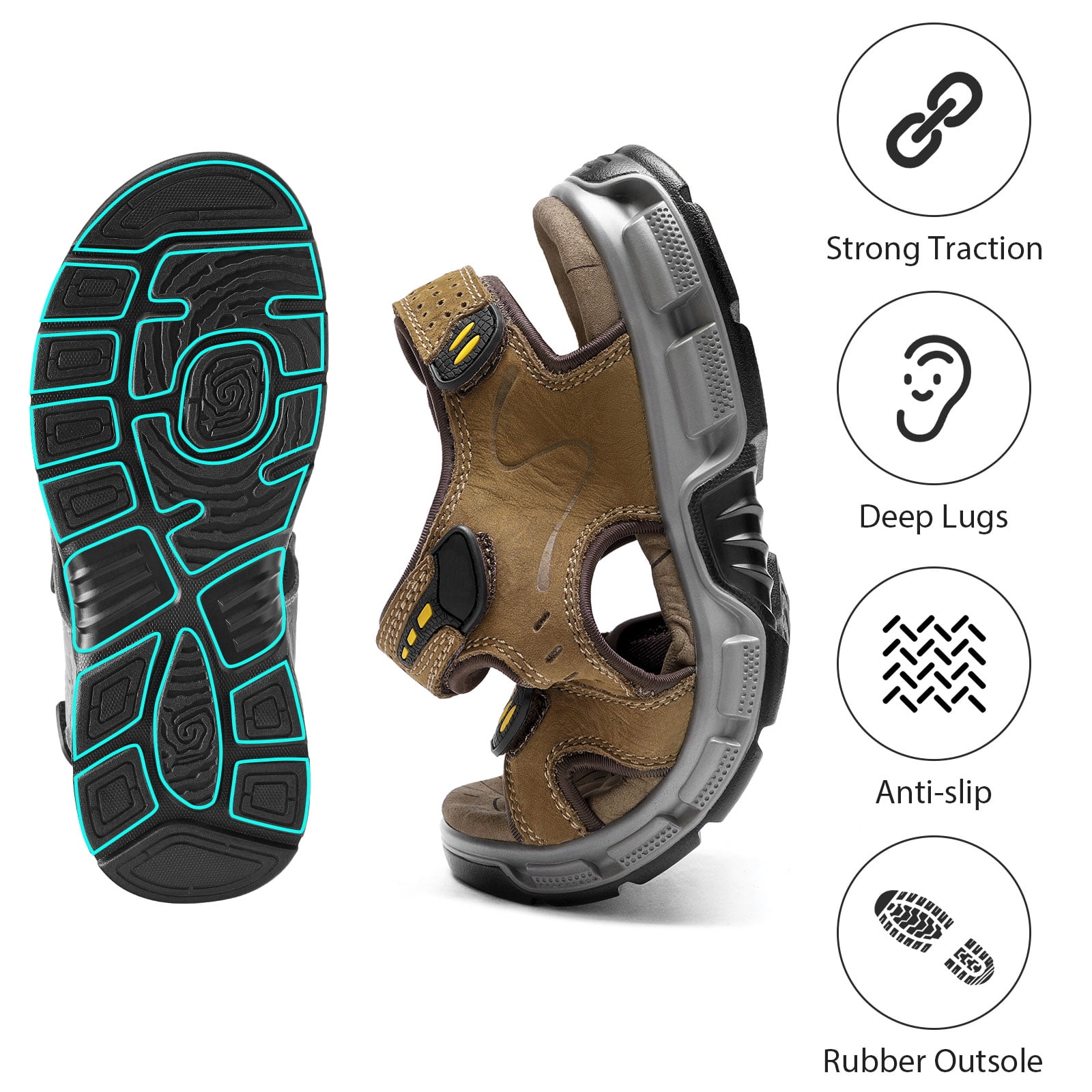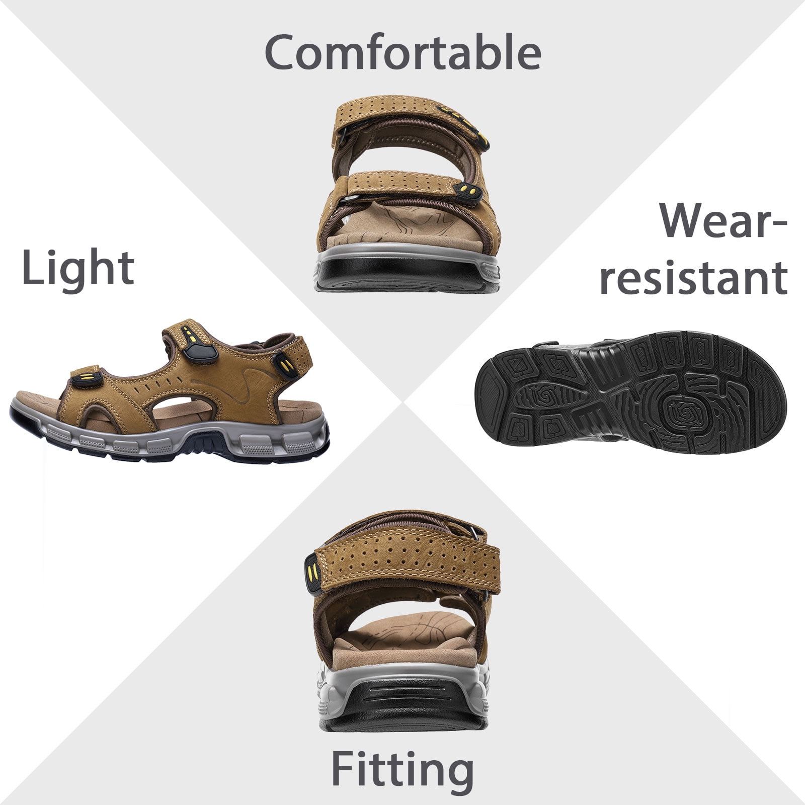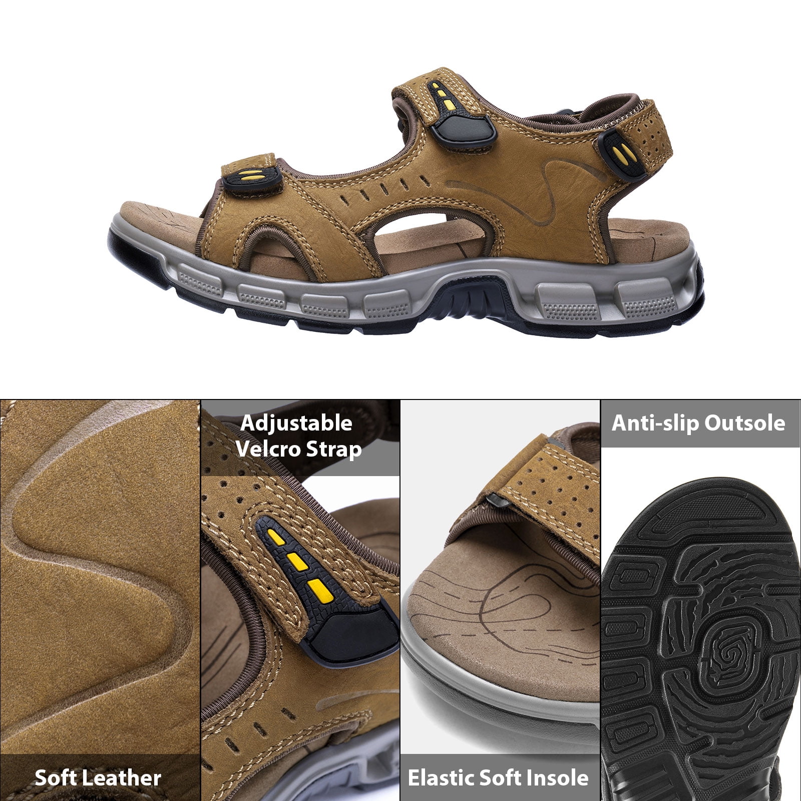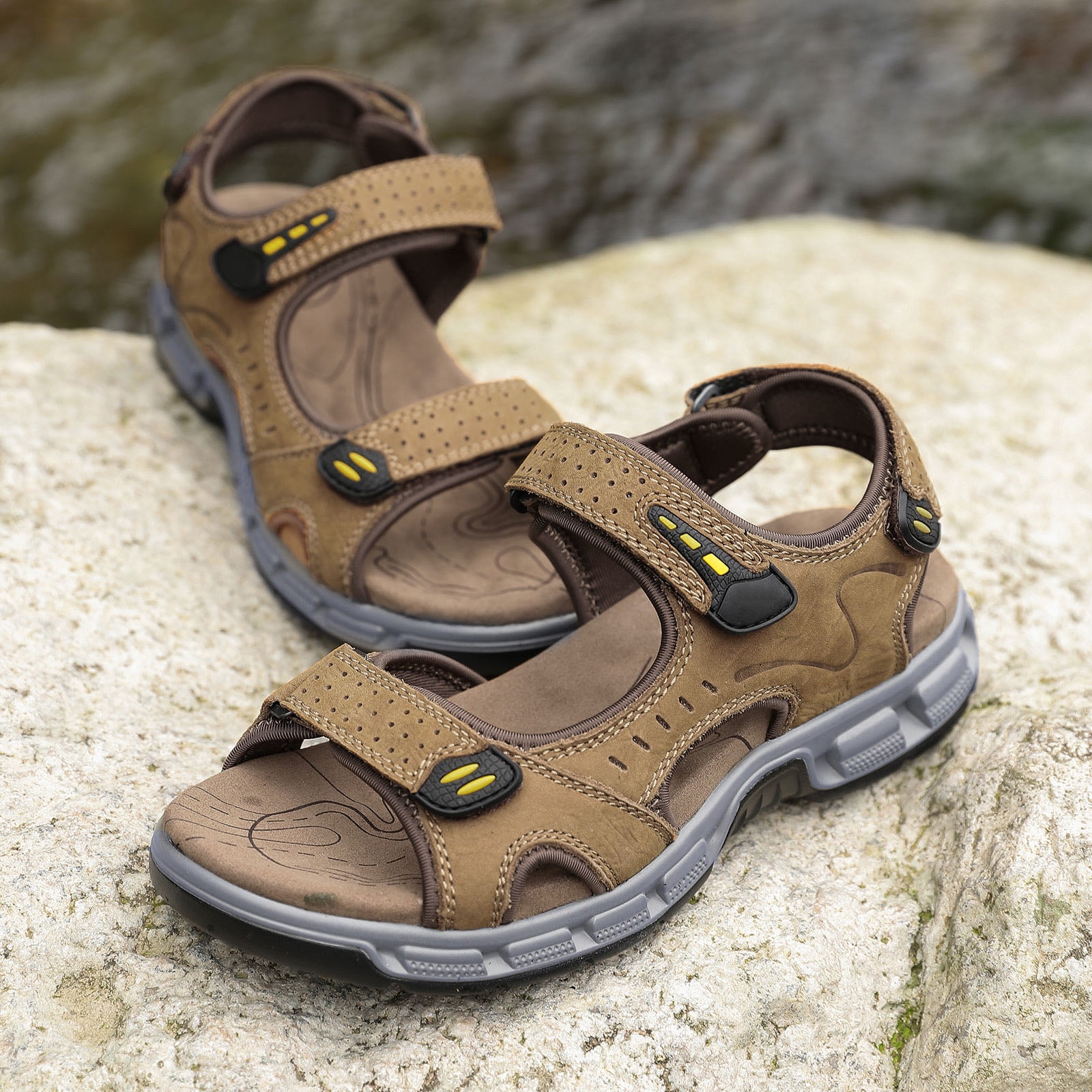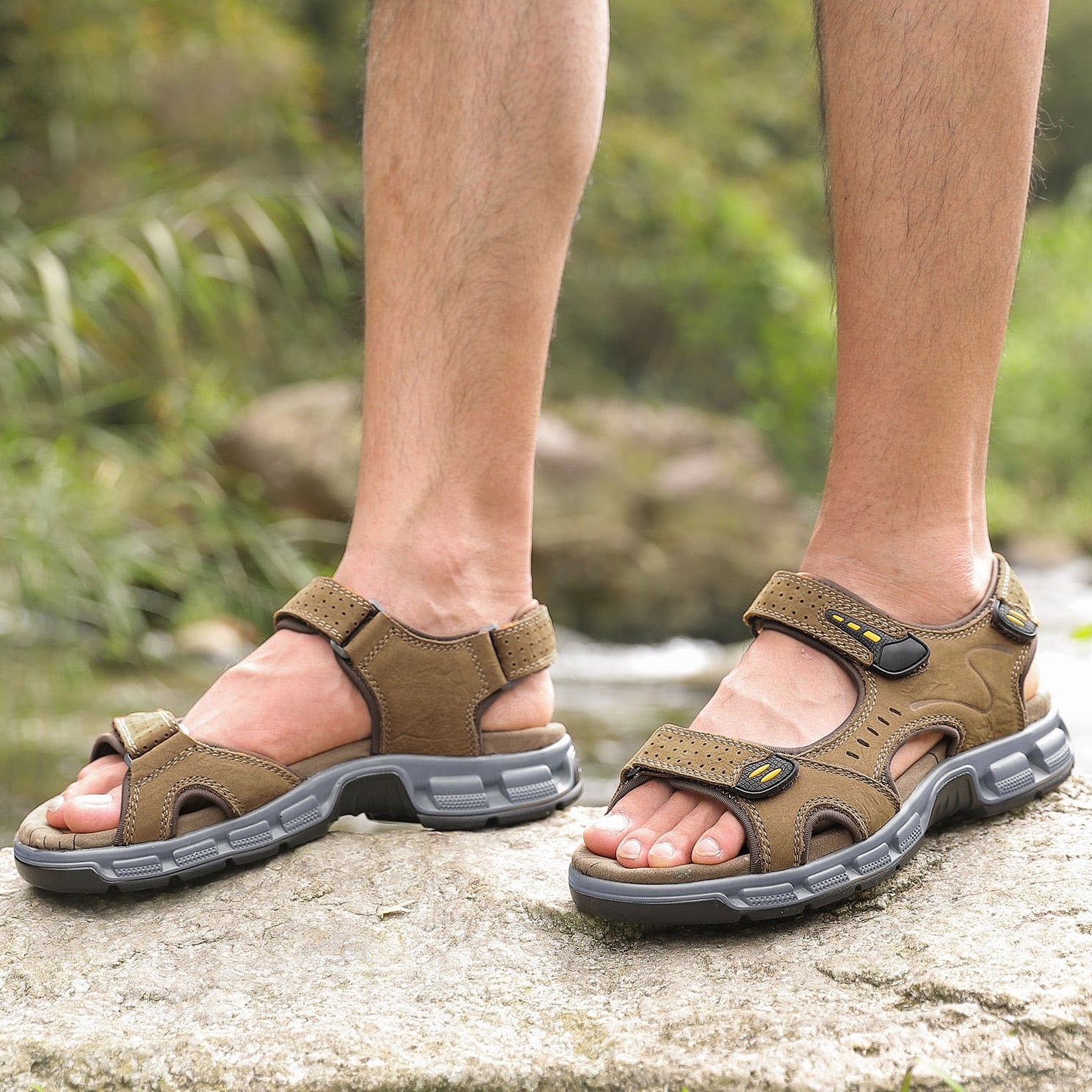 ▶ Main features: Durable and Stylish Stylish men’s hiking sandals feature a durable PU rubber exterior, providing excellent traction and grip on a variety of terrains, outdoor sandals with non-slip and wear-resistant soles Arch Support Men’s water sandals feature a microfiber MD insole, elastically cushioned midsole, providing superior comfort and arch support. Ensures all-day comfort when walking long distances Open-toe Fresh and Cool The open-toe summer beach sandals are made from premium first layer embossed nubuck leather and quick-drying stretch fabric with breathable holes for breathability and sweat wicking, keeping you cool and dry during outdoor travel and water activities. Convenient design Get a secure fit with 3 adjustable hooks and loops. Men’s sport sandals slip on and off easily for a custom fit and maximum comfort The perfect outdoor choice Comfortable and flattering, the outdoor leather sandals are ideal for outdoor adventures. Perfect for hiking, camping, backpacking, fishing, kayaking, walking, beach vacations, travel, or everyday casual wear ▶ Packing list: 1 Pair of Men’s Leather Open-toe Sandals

* * *

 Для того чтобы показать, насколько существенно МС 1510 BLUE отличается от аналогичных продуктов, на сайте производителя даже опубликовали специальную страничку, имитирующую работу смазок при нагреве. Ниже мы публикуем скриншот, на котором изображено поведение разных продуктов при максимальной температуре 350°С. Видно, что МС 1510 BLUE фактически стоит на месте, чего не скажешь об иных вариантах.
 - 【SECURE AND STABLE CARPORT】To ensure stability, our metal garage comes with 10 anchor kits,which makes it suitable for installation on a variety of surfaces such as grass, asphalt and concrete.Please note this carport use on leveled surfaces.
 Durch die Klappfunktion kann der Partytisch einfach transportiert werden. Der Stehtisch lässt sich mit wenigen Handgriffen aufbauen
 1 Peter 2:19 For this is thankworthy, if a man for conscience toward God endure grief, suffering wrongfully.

* * *

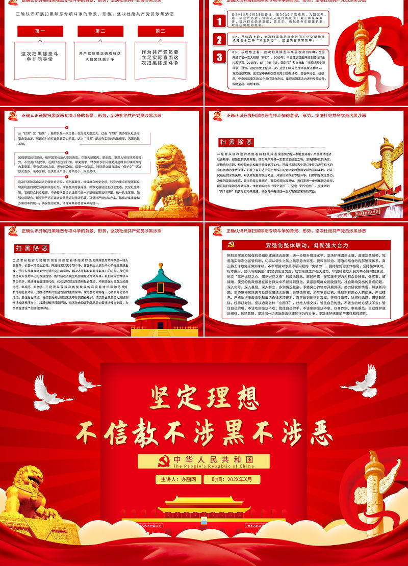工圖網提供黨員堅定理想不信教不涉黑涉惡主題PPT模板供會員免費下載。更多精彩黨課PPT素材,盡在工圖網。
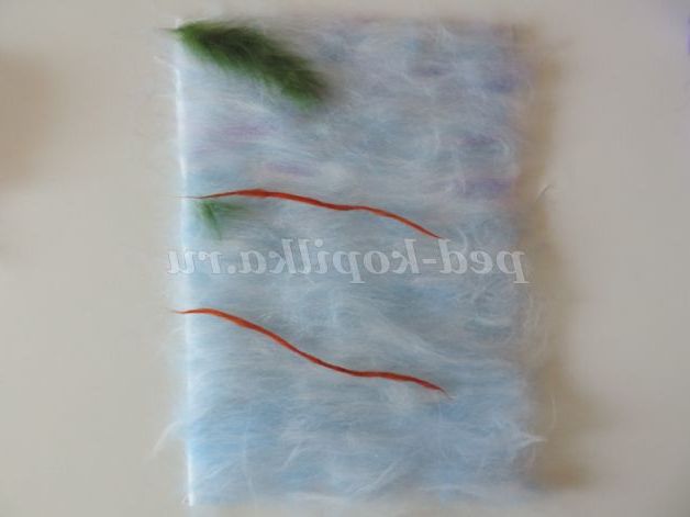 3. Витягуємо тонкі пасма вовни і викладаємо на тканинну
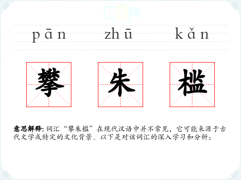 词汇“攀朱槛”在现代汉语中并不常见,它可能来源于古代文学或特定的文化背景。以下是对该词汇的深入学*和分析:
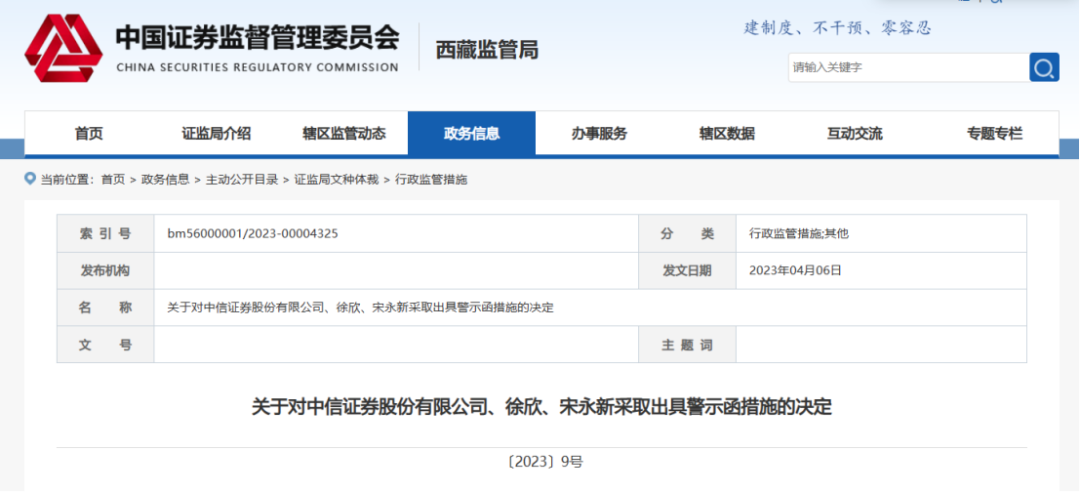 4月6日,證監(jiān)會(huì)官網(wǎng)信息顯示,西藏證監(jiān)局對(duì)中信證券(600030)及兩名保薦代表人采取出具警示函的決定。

▶ WHAT IS BEING ASKED: In the data above, start at the line that has "Durch die Klappfunktion", stop after the line that has "1 Peter 2:19", and print every line in between exactly as it stands.

▶ TASK RESULT:
 Durch die Klappfunktion kann der Partytisch einfach transportiert werden. Der Stehtisch lässt sich mit wenigen Handgriffen aufbauen
 1 Peter 2:19 For this is thankworthy, if a man for conscience toward God endure grief, suffering wrongfully.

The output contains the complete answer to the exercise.